** EXERCISE AIM **
An acceptable answer repeats exactly the line containing "Для работы нам" and all lines that follow it in the listing below, and it includes no pictures.

** THE DATA **

....

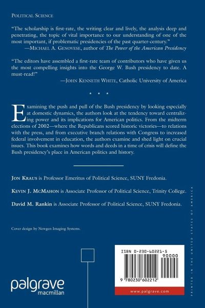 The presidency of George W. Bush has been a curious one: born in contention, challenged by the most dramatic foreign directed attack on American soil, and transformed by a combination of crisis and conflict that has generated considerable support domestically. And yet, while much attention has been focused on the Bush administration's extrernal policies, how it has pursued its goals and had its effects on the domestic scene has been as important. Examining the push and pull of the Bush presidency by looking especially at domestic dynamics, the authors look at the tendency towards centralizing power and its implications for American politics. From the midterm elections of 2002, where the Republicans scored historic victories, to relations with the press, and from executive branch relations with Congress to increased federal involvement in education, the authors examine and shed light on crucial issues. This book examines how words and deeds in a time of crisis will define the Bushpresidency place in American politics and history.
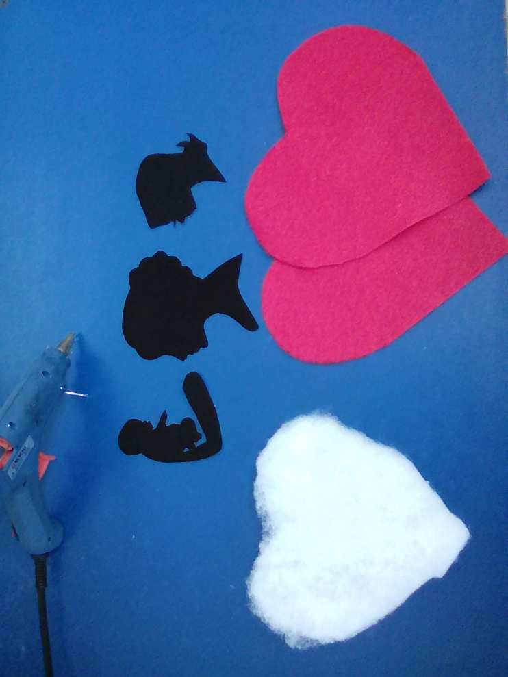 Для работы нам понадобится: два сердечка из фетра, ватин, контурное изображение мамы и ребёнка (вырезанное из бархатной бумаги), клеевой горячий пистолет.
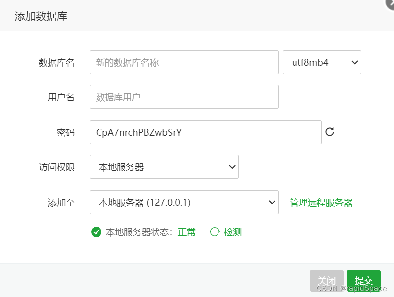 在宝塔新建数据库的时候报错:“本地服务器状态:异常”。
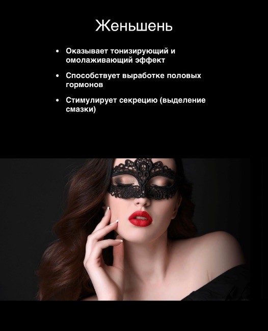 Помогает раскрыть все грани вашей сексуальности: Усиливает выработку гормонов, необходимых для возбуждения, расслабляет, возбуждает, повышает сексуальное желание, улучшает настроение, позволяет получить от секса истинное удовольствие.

....

** YOUR RESPONSE **
 Для работы нам понадобится: два сердечка из фетра, ватин, контурное изображение мамы и ребёнка (вырезанное из бархатной бумаги), клеевой горячий пистолет.
 在宝塔新建数据库的时候报错:“本地服务器状态:异常”。
 Помогает раскрыть все грани вашей сексуальности: Усиливает выработку гормонов, необходимых для возбуждения, расслабляет, возбуждает, повышает сексуальное желание, улучшает настроение, позволяет получить от секса истинное удовольствие.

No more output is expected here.